Like a data file: Every time you save your data, you create a new database file (if there was one with the same name before, you delete it first). You then create the whole schema, and then you write all the information to the database file (using INSERT SQL statements). This allows you to handle things with the traditional Save/*Save as* commands.
For more detailed information, please ask more specifically; in particular, outline your problem if you need to know which approach serves you best.
I have this requirement for my business. We have a swing desktop application that works with a mysql database. At the end of each day the swing app exports the data that has changed and uploads it to a server. The set up is, a user working in an office, will have many companies that he is working with. If he changes any data for that company, then I export that company's data alone from the database. The data is exported in the form of java objects, serialised and stored into a file which gets uploaded.
The next day, if there are any changes made to that company again then I will replace the file in the server with the latest uploaded file.
Now on my server, I would like to work with this file. I would like to convert each of these files into mini databases that a webapp can read. It will not write to it. Everytime the user uploads, the database will be deleted and recreated.
So ultimately each of these files are a small subset of the data that a user has in his desktop application.
Now this issues are:
The objects that I have exported are "Apache Torque" objects. Torque is an ORM tool, basically the object represents the table. I need to convert this object into a database. Sqlite, HSQLDB, Derby...? The database should be small. If the object file is about 5KB, then the database that represents that file shouldnt be 3MB. Derby did that actually.
The java object classes could change. Since the underlying database could change. Hence I will need to deserialise these objects and create a database from it as soon as it is uploaded. Otherwise, I will not be able to deserialise these objects later on. Small changes to the database is fine for the web application. But if I dont deserialise it immediately, then I am stuck.
The conversion from the java object to the database should be fast.

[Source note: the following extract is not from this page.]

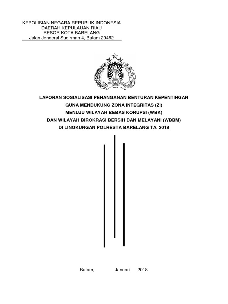 Contoh laporan zona integritas. Contoh format laporan rencana kerja zona integritas halaman judul kata pengantar daftar isi bab i pendahuluan 1. Pedoman pembangunan zona integritas menuju wilayah bebas dari korupsi wbk dan wilayah birokrasi bersih dan melayani wbbm. Pakta integritas pengadilan negeri mempawah tahun 2019. Ptsp kota aceh created date. Pembangunan zona integritas 1 rencana pembangunan zona integritas adalah program kegiatan dan inovasi yang akan dilaksanakan dalam melakukan perubahan yang berisi tentang target waktu dan hasil yang ingin dicapai disesuaikan dengan kondisi dan karakteristik satker di wilayah masing masing. Peraturan presiden nomor 81 tahun 2010.

Since the user actually waits when his data is getting uploaded I would like to add a maximum of 5-10s additional for the conversion.
Is it ok to have thousands of these mini databases lying around? Is this design okay? Is there an alternate solution?
I wouldn't try to put each dataset into its own database. I would put all of them in one big database, along with a column in the key tables indicating the dataset that each row applies to (this sounds like it should just be a company identifier). This is a more normalised design than having many small databases.
You will then need to write the webapp so it makes queries for particular datasets, rather than connecting to a particular database.
if you adopt that approach, you can deserialize and store the datasets as soon as they arrive. The storage is simply inserting rows into an existing database, so it should be very fast.
In addition, i expect that one big database will be much easier to manage, maintain, report on, etc, than many small databases.
If you tell us more about the details of your schema, we could discuss how the database could be organised, if that would be useful.